La ciudad era un caos; los autos, a vuelta de rueda; los agentes de tránsito, insuficientes e incapaces de controlar la situación; los automovilistas, con el ánimo crispado y la mirada de odio. Y yo, hecho añicos por la desesperación, el estrés y ese maldito dolor de espalda –producto de dos discos herniados, en la última vértebra lumbar y en la primera sacra-- que me asalta en situaciones de crisis.
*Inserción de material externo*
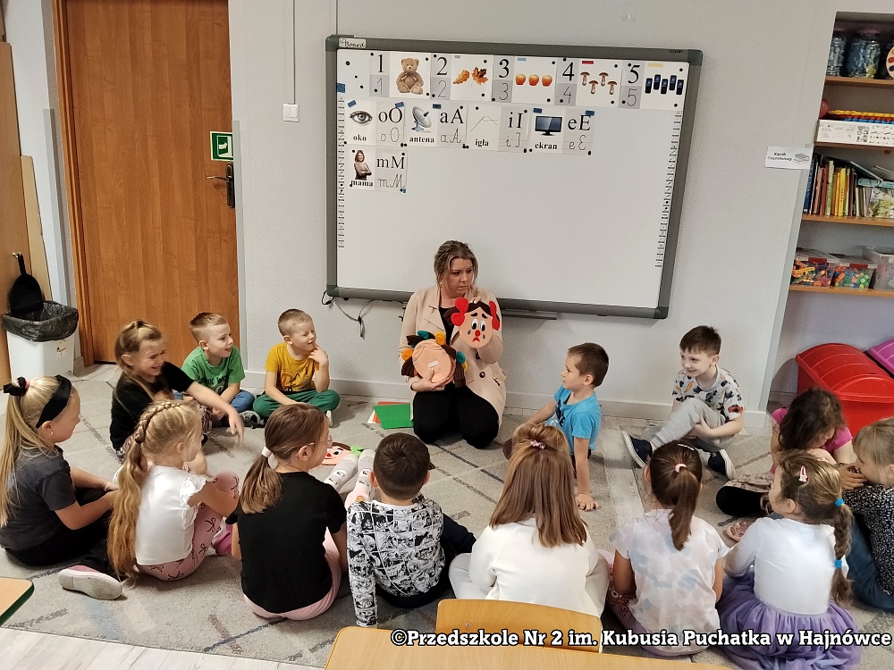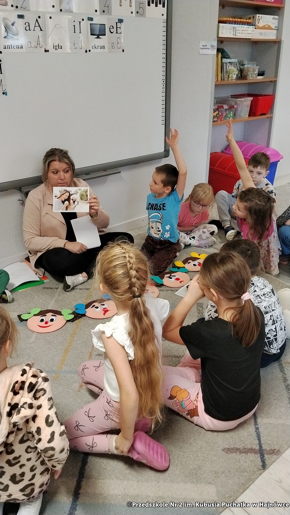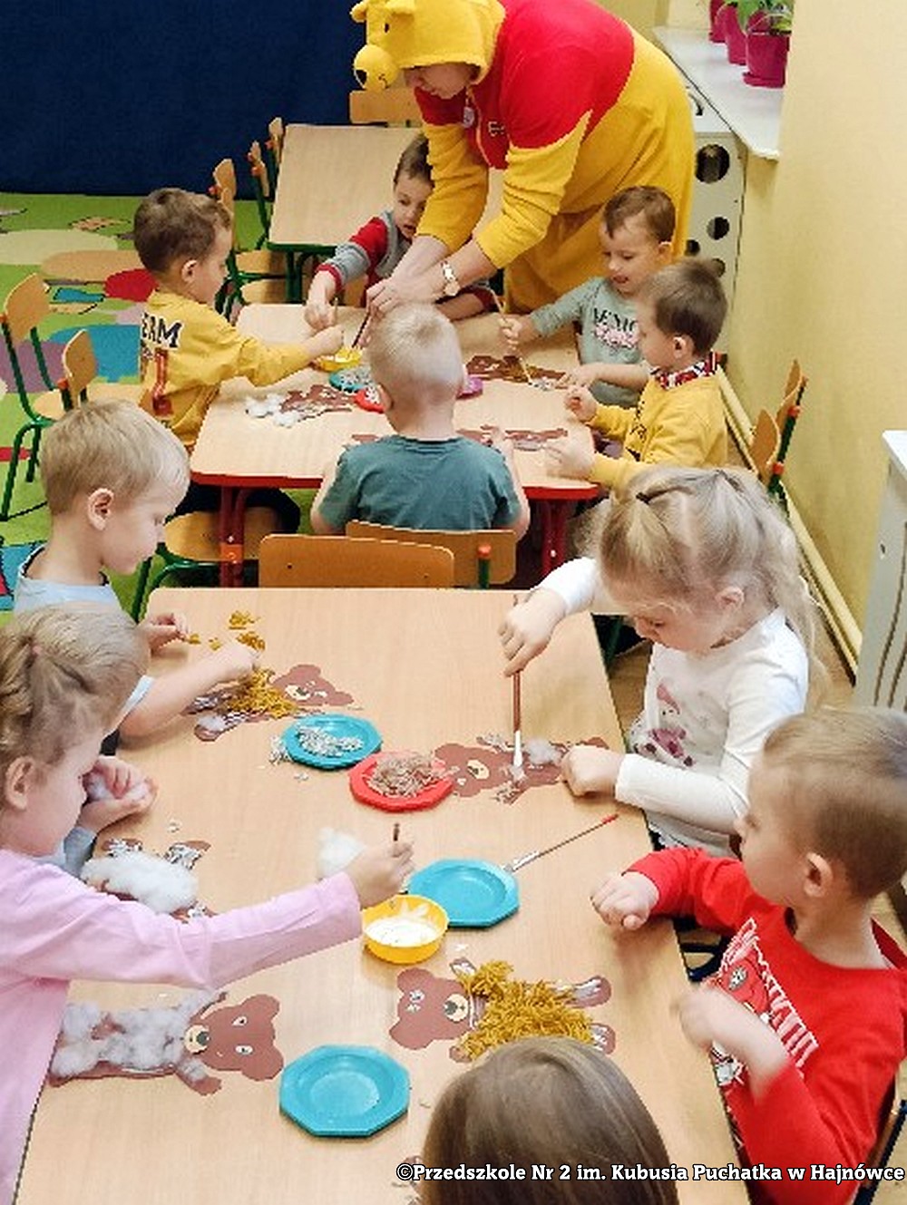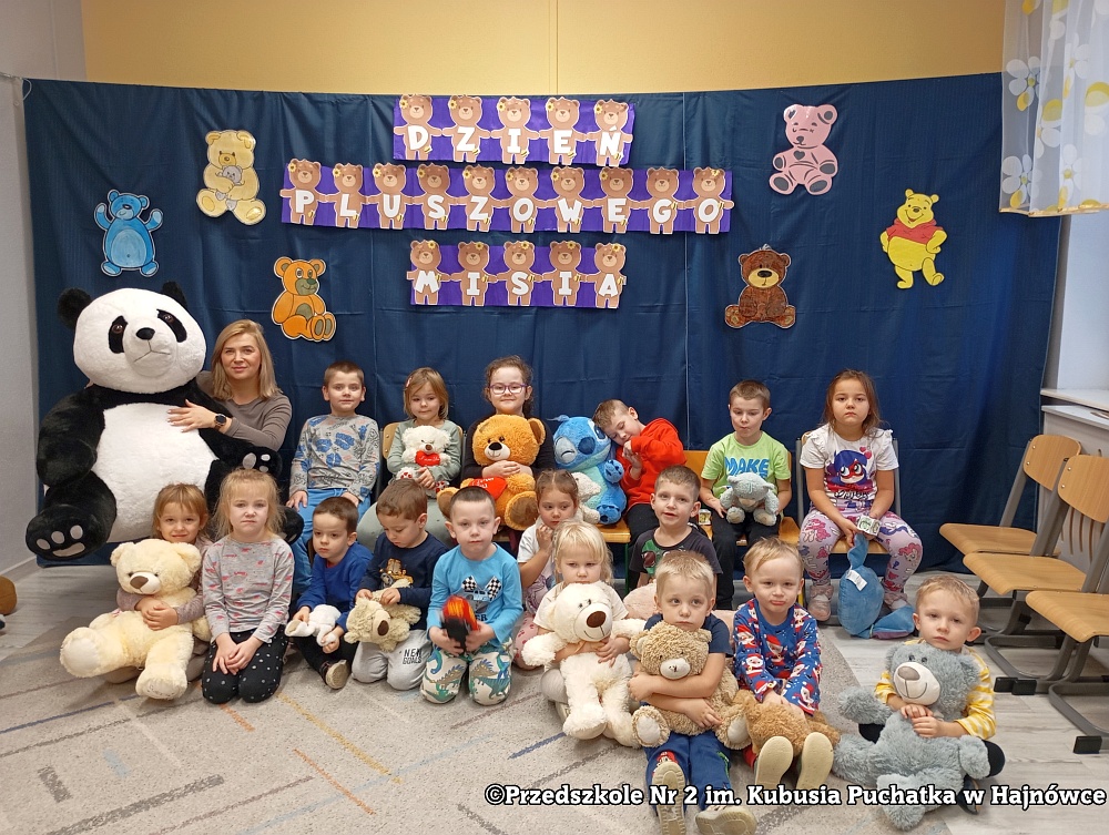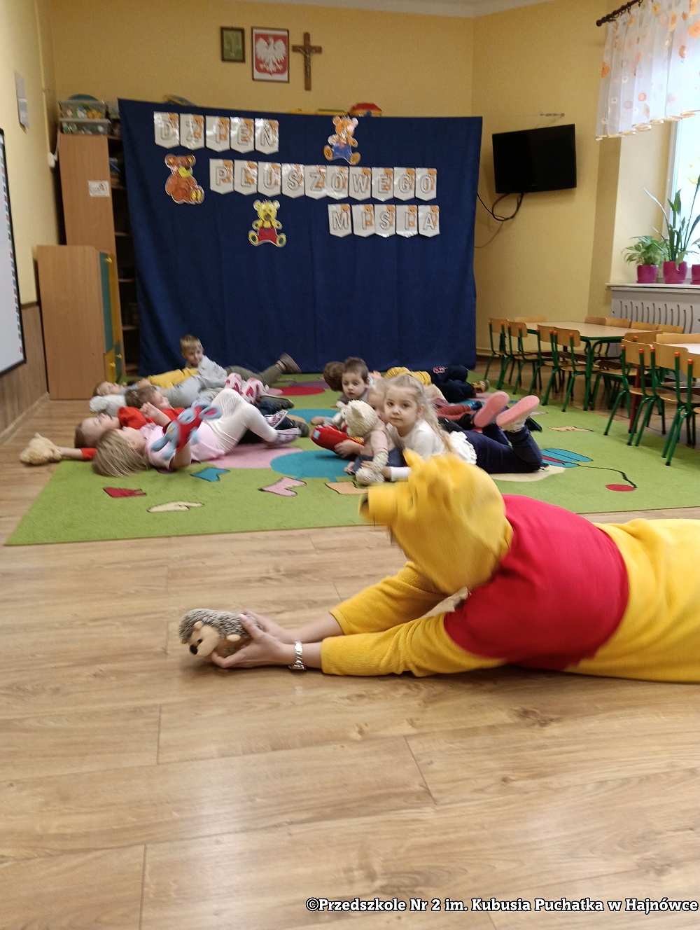 W naszej grupie ten dzień miał wyjątkowy, pełen ciepła i radości charakter. Dzieci z samego rana przyszły do sali z własnymi pluszowymi przyjaciółmi, które tego dnia były honorowymi gośćmi. Na początku zajęć każde dziecko mogło zaprezentować swojego pluszaka, opowiadając o jego imieniu, historii oraz o tym, dlaczego jest dla niego wyjątkowy. To wspaniałe ćwiczenie rozwijające umiejętności językowe, odwagę i zdolność wypowiadania się na forum grupy. Następnie wspólnie z pedagogiem specjalnym odbyły misiowe zabawy i aktywności wspólne śpiewanie piosenek o misiach, zabawy ruchowe, takie jak „Misiowa gimnastyka”. Największym zainteresowaniem cieszyły prace plastyczne, w trakcie których dzieci mogły w sposób sensoryczny z wykorzystaniem nitek stworzyć własne „misiowe portrety”. Nie zabrakło także chwili wyciszenia – nauczycielki czytały fragmenty bajek o misiach. Dzieci z uwagą słuchały przygód Kubusia Puchatka, Misia Uszatka i innych bohaterów, rozwijając przy tym wyobraźnię i zainteresowanie literaturą dziecięcą.

Cómo no despotricar contra López Obrador. Compartí el ánimo antipeje que supuraban las estaciones de radio. De regreso en la oficina, el ambiente era igual. En los compañeros de trabajo vi desencanto, enojo, sorpresa. Entre broma y veras, discutíamos. Qué manera de echarse a la gente encima, aun a sus seguidores. Qué forma de acabar con su capital político. Qué ganas de acabar con un movimiento genuino. Si “la derecha” apostaba a que minara el ánimo lopezobradorista, él está contribuyendo de manera contundente a acabarlo. “¿Volverían a votar por López Obrador?”, preguntó alguien en la redacción. Y una voz lacónica espetó: “Yo, ¡ni madres!”. Claro, todos soltamos la carcajada. Pero el ánimo era ese. Nos preguntábamos ¿qué sigue, tomar el aeropuerto? ¿Las estaciones eléctricas, para amagar con apagones? ¿Los pozos petroleros? ¿Las plazas públicas? ¿Más vialidades primarias? No. No puede ser. Esa no es la resistencia “pacífica” que se nos había prometido y que compartíamos ante el noble fin de limpiar la elección para tener una presidencia legítima, incuestionable.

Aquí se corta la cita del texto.